- Súper Cholita, from the first issue of the comic

Publication information
- Publisher: Republica
- First appearance: Súper Cholita #1 (May 2007)
- Created by: Rolando Valdez Santos Callisaya

In-story information
- Alter ego: Francisca Pizzaro Mamani
- Abilities: Flight, strength, toughness, wrestling skills

= Super Cholita =

Bolivian comic book

Súper Cholita is a Bolivian comic book character created by Rolando Valdez and Santos Callisaya in 2007. She is the eponymous heroine of a popular comic inspired by local female wrestlers and Japanese comics, "perhaps ... the best-selling title in the history of Bolivian comics." Her humorous, ironic adventures are written by Valdez and illustrated by Callisaya and Gladys Castro Mamani.

==Character portrayal==
Súper Cholita is portrayed as "a folksy incarnation of a female superhero rooted in a combination of Japanese aesthetics, Mexican cultural tradition, and Bolivian politics." Her super powers, including that of flight, emanate from the sacred temple of Tiwanaku, and she is costumed in the heavy blanket skirts of the Altiplano.

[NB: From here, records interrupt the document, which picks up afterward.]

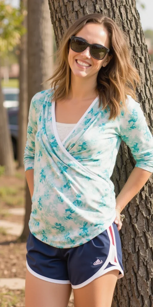 The wrap top and athletic shorts combination offers the perfect balance of style and functionality for active lifestyles. This versatile pairing features breathable fabrics like modal or bamboo blends that maintain their shape while providing comfort during movement. The look transitions seamlessly from athletic activities to casual outings.
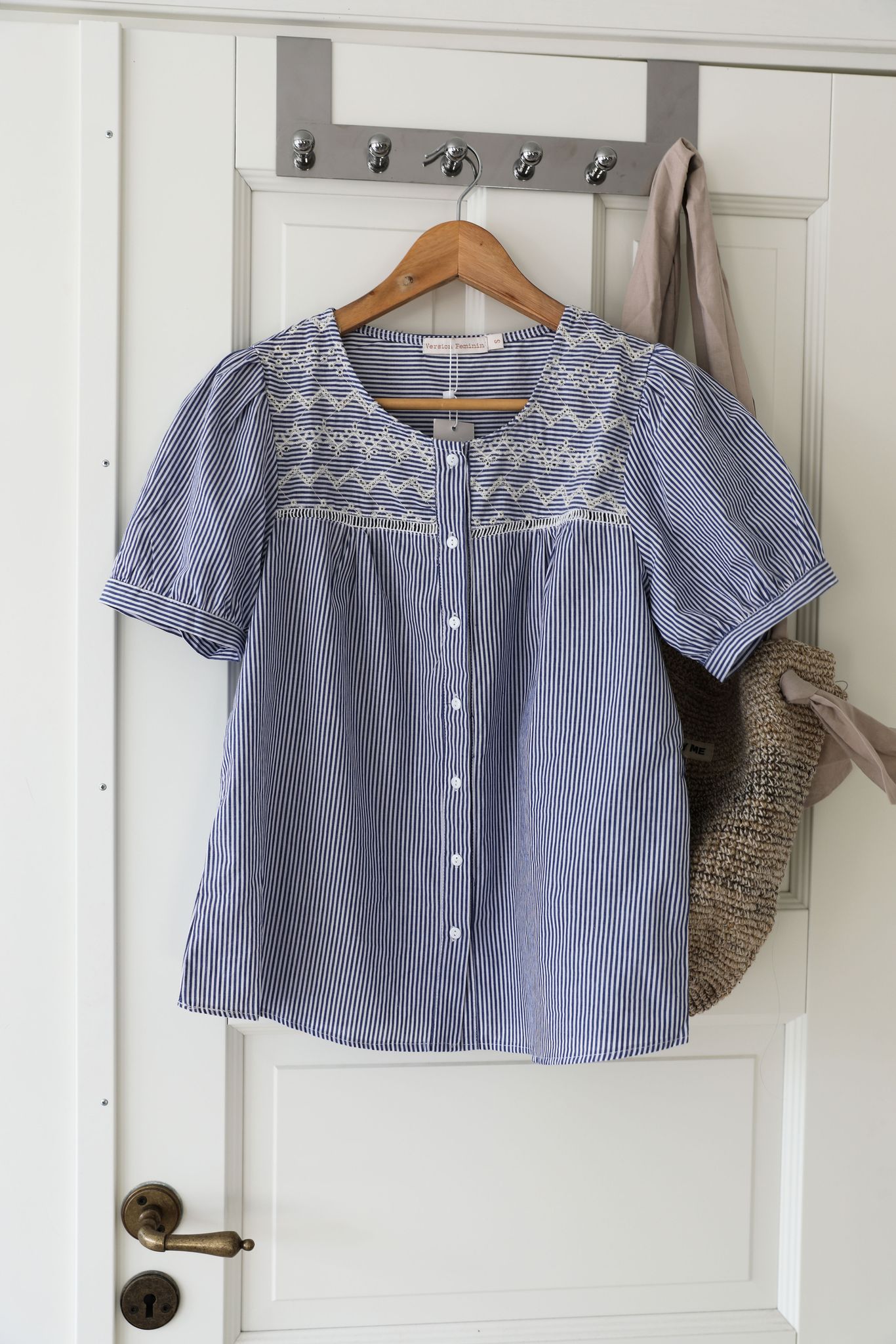 En randig blus med broderier
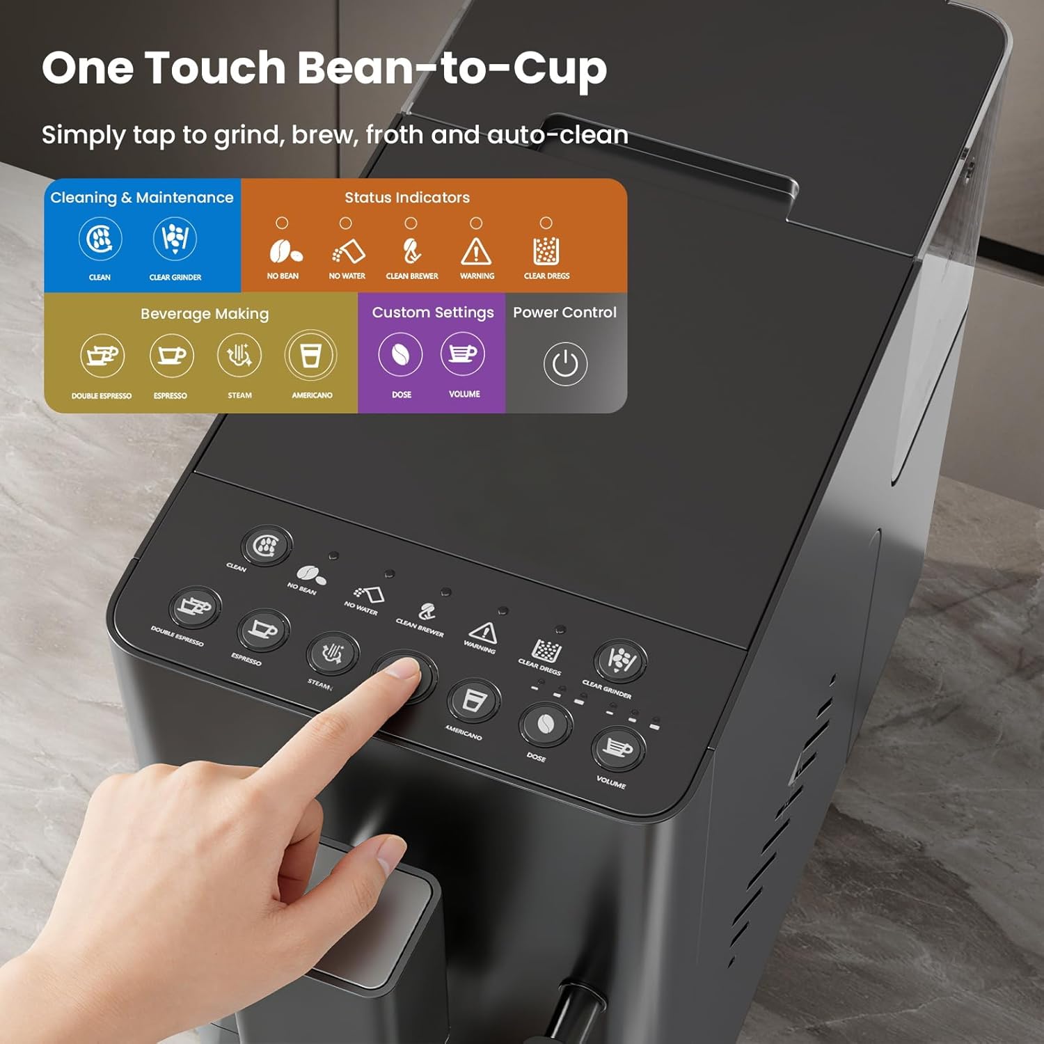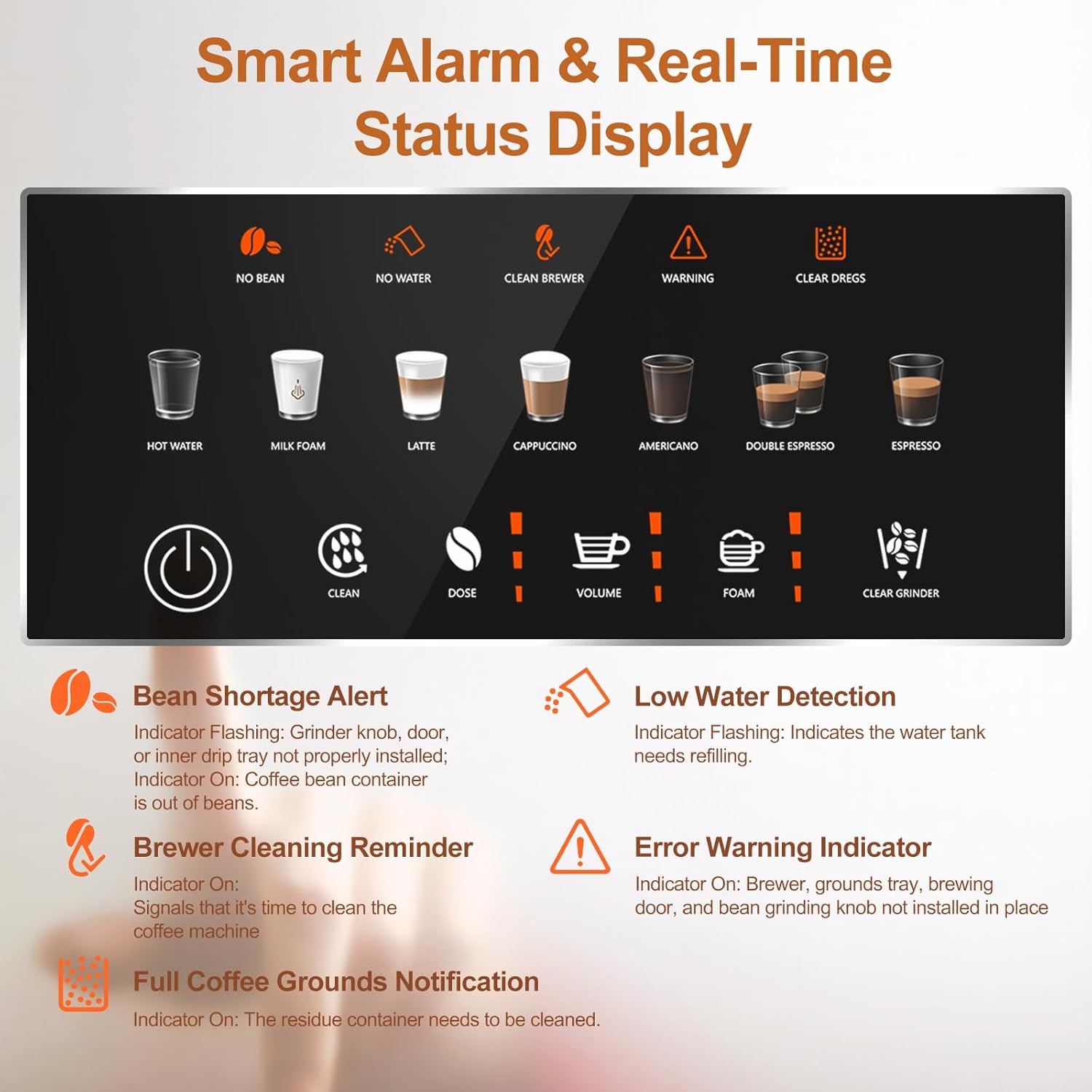 【Precise Status Light Reminders】Get real-time reminders to refill water or beans, clean the brewer, and descale. This espresso machine prevents incomplete brews, stale flavors, and internal damage—so you enjoy fresh, consistent coffee without the guesswork.
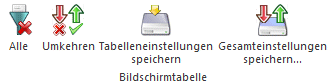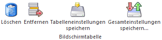 Im Gegensatz zu "Tabelleneinstellungen speichern" können mit "Gesamteinstellungen speichern" mehrere Tabellenaufbauten gespeichert und nach Wunsch geladen werden. Zusätzlich werden Sonderfunktionen der Tabelle (z.B. "Spalte gruppieren") ebenfalls bei der Speicherung bedacht.
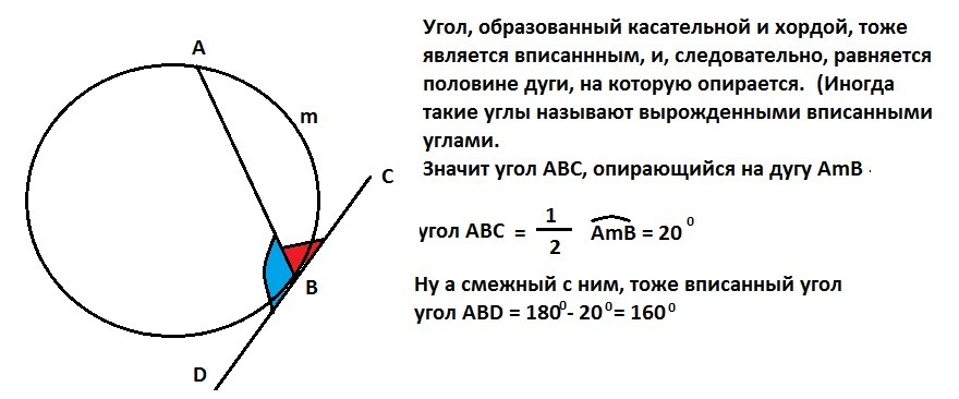 хорда ab стягивает дугу окружности в 40 градусов. Найдите угол ABC между хордой и касательной к окружности, проведенной через точку B. Ответ дайте в градусах

In her civilian identity, she is the Aymara woman Francisca Pizzaro Mamani, daughter of a cholita and a nameless pepino (a traditional carnival clown often deemed responsible for fatherless children), and granddaughter of a mythical highland frog. Her love interest is a policeman.

While Súper Cholita uses her powers to help the poor, her behavior is not always as exemplary as that of most superheroes. She has been shown as a boastful, strident complainer, inclined to stuff herself with rellenos de papa, who is not above pilfering from a female potato vendor or bribing a policeman to avoid arrest. She possesses strong views, detesting imperialism and corrupt politicos, criticizing looters, and standing against the autonomy movements threatening Bolivia's unity.